I myself am at home writing and listening to Etta James: if you don't know who she is, please do yourself a favor and give her a listen because it doesn't get much better than her voice! "I want a Sunday kind of love…a love to last past Saturday night…" I think we all do but some of those "Saturday night "loves" can be fun too What I love about Sunday's is that they're like a "get out of jail" free card way to start the week for many of us! We tend to do more of what we enjoy and less of the stuff we have to do! For me, Sundays always end with my "everyday love", a big bowl of popcorn and a movie or some great cable TV! I also love to take the time to do some maintenance: heavy-duty hair conditioner, body scrubs with dry brushing, baths with so many products propped around the edge of the tub that I must look like an ad for "plastic bottles…" It's not easy being glam but if you DO certain things on a regular daily, weekly or even monthly basis! You find that things tend to last longer and stay sweeter than if you simply go into combat-attack mode in your beauty routines!
I do have a great long-time Derma-Doc locally and without him, I'd be a mess…seriously. There is nothing you can hide from those magnifying mirrors! Even if you have perfect skin, it's always a great idea to visit one every so often to insure that it stays that way! I don't think there's anything that changes faster (besides Meg's zip code) than our skin! I would LOVE to visit our friend Dr. Kenet's office in NYC because as Meg and I both have mentioned before,he's responsible for keeping some of the most gorgeous faces in the world camera-ready at all times! I am literally in LOVE with his "24K Gold Serum" NOT because of the luxury price tag, but because it's absolutely the best under makeup,skin-perfector and soother I've ever tried! The good Dr. has literally managed to capture the essence of glowing, illuminated skin in a simple bottle and I am forever grateful…

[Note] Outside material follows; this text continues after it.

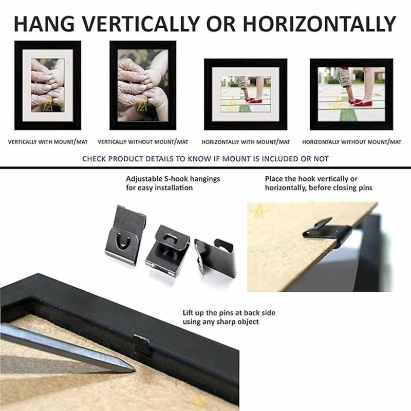 The ArtzFolio Wall Photo Frame Set (12 Units, 4x6 inch, Black) features durable polystyrene fibre frames with clear acrylic fronts, designed for easy photo changes with opening pins and adjustable wall hooks. Ideal for home decor, these lightweight, modern frames can be mounted vertically or horizontally and come pre-assembled.

Dr. Kenet's brilliantly edited line of products give you exactly what you "need" for beautiful skin and my second-favorite product in his line is well within anyone's budget! Kenet MD "pH Polisher" is an absolutely gorgeous skin "buffer" that's intended to be used on Sunday as part of his weekly- routine. It's included in the skincare kits recently described by Meg but it's also available as a single product. Presented in a clean plastic bottle with a flip lid (and I truly appreciate that the high- quality really IS inside the packaging with Dr. Kenet's products) this "polisher" is like no other exfoliator I've used! Instead of little bits of "rough stuff" that grind away at the surface of your skin, pH Polisher is formulated with a non-irritating and non-cloggng BEESWAX blend and when you apply to damp skin, it gently "buffs" rather than grinds at your pretty-pores! I adore the light scent of honey and almond and I don't know how it does such an incredible job of smoothing the skin without being invasive in the slightest but it DOES! After rinsing off the light foam, you'll be left with glowing and gorgeous skin you can see the difference in immediately!